Our pathway enrichment analyses revealed that while conventional GWAS (An et al.)1 offered limited insights, cross-trait MTAG analyses (Ong et al.)8 uncovered neuronal pathways such as synapse organization, reflecting the shared neurogenetic architecture underlying GERD and neuropsychiatric conditions. Notably, InsightGWAS advanced these findings by showing additional enrichment in neural development, chemical synaptic transmission, and epithelial mechanisms such as cadherin binding, suggesting the dual involvement of neurogenic and epithelial factors in GERD pathogenesis. These results demonstrate that deep learning–based approaches can uncover previously underrecognized biological processes that may contribute to disease susceptibility and progression.
Our study has several limitations. First, due to data availability constraints, the analyses were restricted to European cohorts. Future investigations in non-European populations will be crucial for evaluating the robustness and generalizability of these findings. Second, although we identified novel loci and pathways associated with GERD, their direct functional effects remain unclear. Additional experimental studies will be necessary to elucidate the underlying biological mechanisms and to facilitate clinical translation. Third, residual sample overlap across GWAS datasets may slightly bias genetic correlation estimates; however, LDSC-derived correlations were used only to identify trait pairs rather than as explicit model parameters, so any minor bias is unlikely to affect model performance or overall conclusions.

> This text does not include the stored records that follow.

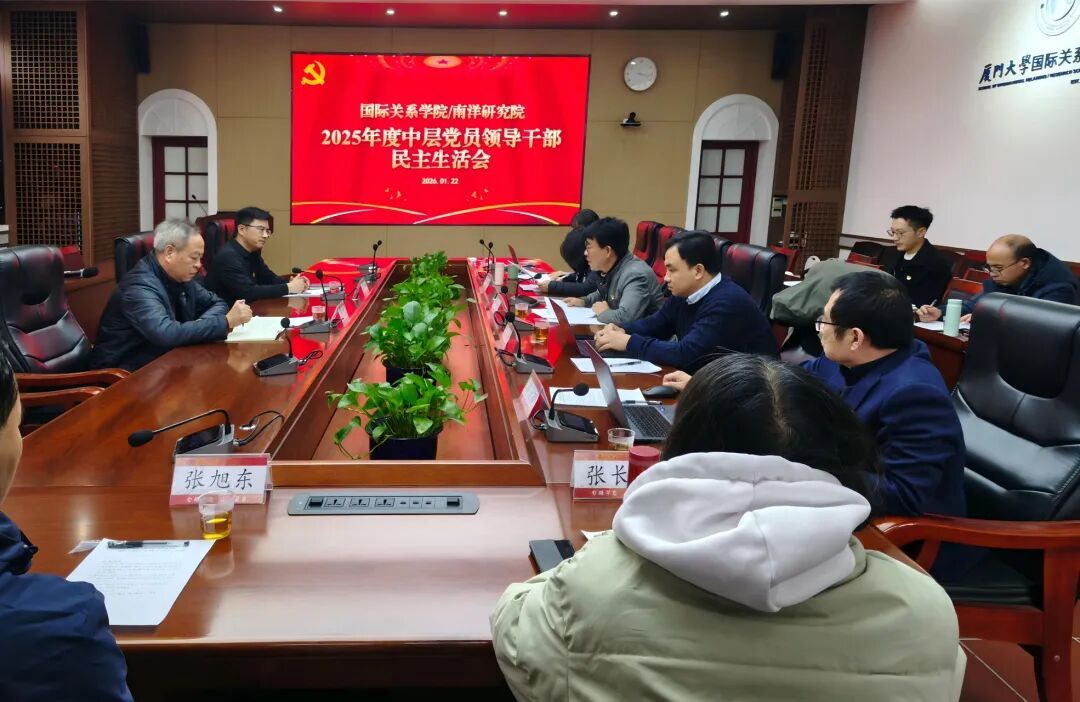 1月22日,国际关系学院/南洋研究院于南安楼301-3会议室召开2025年度中层党员领导干部民主生活会。校基层党建工作联络员谢银辉,校第三督导组副组长林明华到场指导。会议由国际关系学院/南洋研究院党委书记邱旺土主持。学院领导班子参加会议,学院党委委员、各系(中心)负责人代表、教工党支部书记代表,科级干部代表等列席会议。
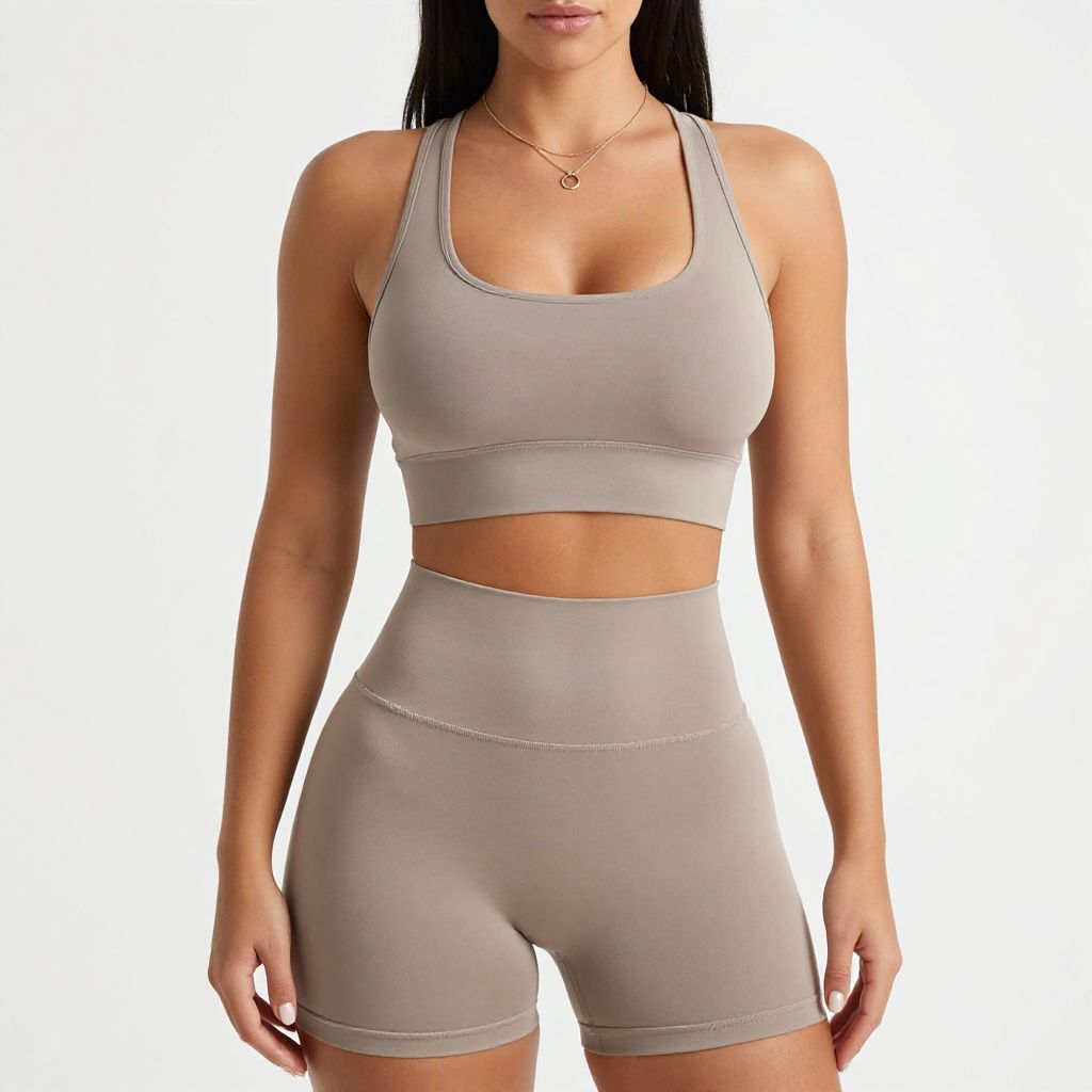 "Woman, athleisure, scoop neck crop top in neutral taupe, sleeveless, racerback design, paired with matching high-waisted bike shorts, seamless fabric, body-hugging fit, minimalist pendant necklace, plain white background. Sexy. Pretty face and beаutiful eyes. Big breasts."
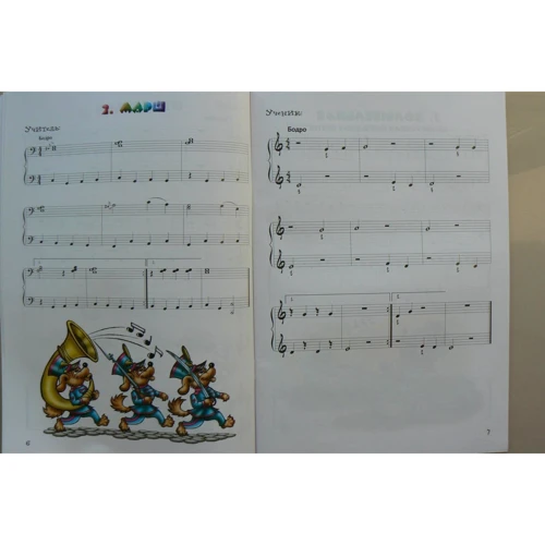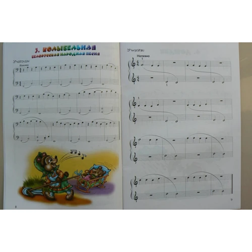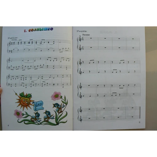 Нотний матеріал збудований від простого до складного. Партія вчителя є обов'язковою для виконання, тому що не тільки служить гармонійним доповненням до мелодії, а й несе на собі значну частину образного змісту. Її можуть виконувати як батьки, так і більш старші учні.

In conclusion, our study demonstrates the potential of integrating advanced computational frameworks with genomic data to enhance the identification of pathogenic mechanisms in GERD, offering insights that may inform future translational research and therapeutic strategies.
Methods
GWAS data
Summary statistics were obtained from two GERD GWAS datasets. An et al. 1 included 71,522 GERD cases and 261,079 controls from large European cohorts, excluding 23andMe due to policy restrictions. Donertas et al13 analyzed 20,381 cases and 464,217 controls from UK Biobank as part of a broader study on age-related diseases.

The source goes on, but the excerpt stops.